## AIM OF THE TASK
Retype the opening lines of the data exactly, stopping after the line that contains "Original Antique Engraving". Skip every picture.

## DATA PROVIDED
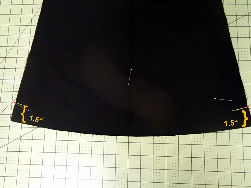 - Press vertical crease back. Mark crease with straight pin at hemline.
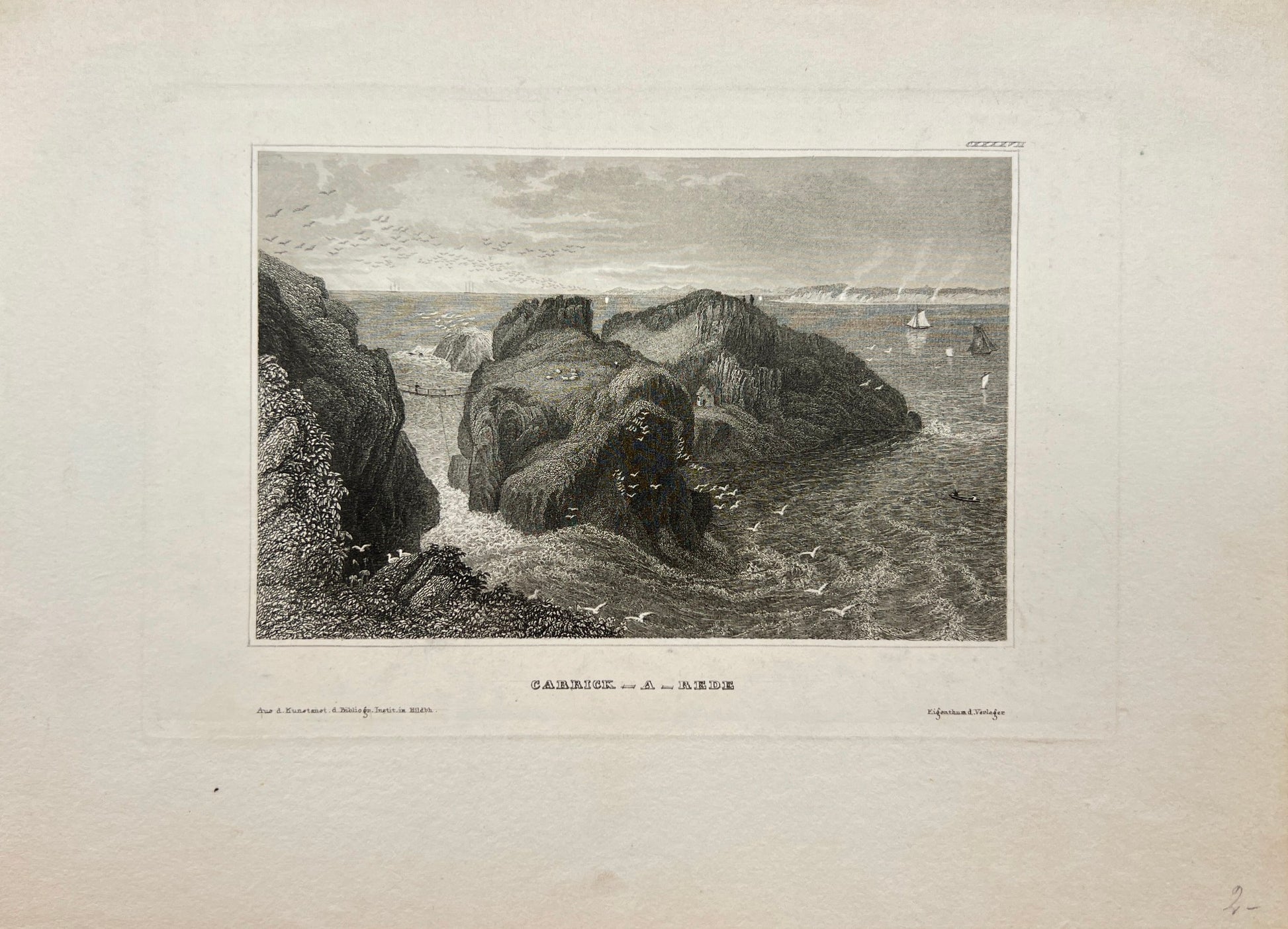 Original Antique Engraving - Karl Reiss - View of Carrick-A-Rede in Ireland - E5
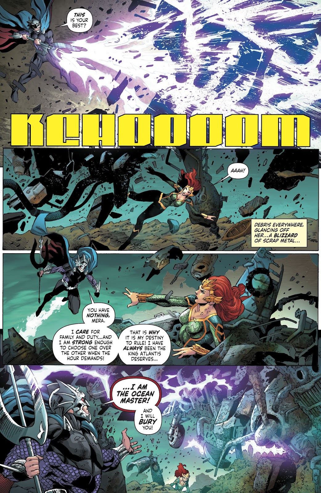 Ocean Master has been stricken full force by Aquaman on several occasions without dying and so should scale to the same continent level potency as his physical strength. He also has been stricken full force by Rebirth Mera's hydrokinesis and was able to continue fighting. People get it confused thinking that Mera was "weakened" during this encounter and so Orm doesn't actually scale to Mera's hydrokinesis. However, while Mera was weakened during "Mera: Queen of Atlantis", it's not that she can't use it's full force but that if she does it very quickly fizzles out temporarily, a problem of stamina not potency. This is exactly what it seen in her fight with Orm where she throws him with her water's full force but her hydrokinesis suddenly fades after the impact. The same Mera has, with great effort, held up an entire ocean with her hydrokinesis and protected Atlantis from a global flood supporting Ocean Master's physical stats being continental.
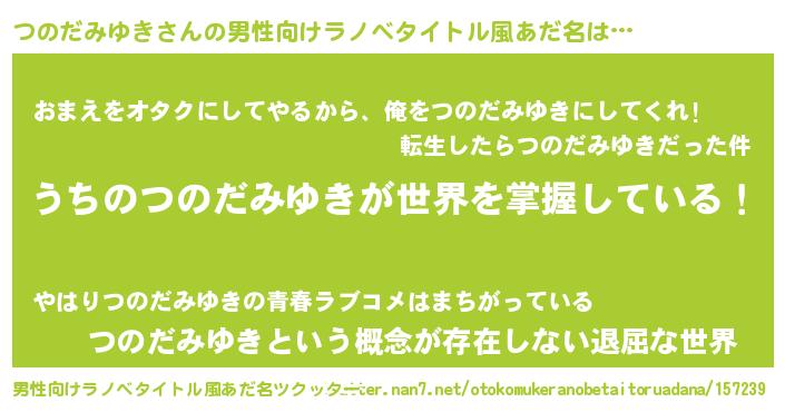 | 女子向けラノベタイトル風あだ名 | 『男装つのだみゆきの憂鬱な任務』 |

## THE ANSWER
 - Press vertical crease back. Mark crease with straight pin at hemline.
 Original Antique Engraving - Karl Reiss - View of Carrick-A-Rede in Ireland - E5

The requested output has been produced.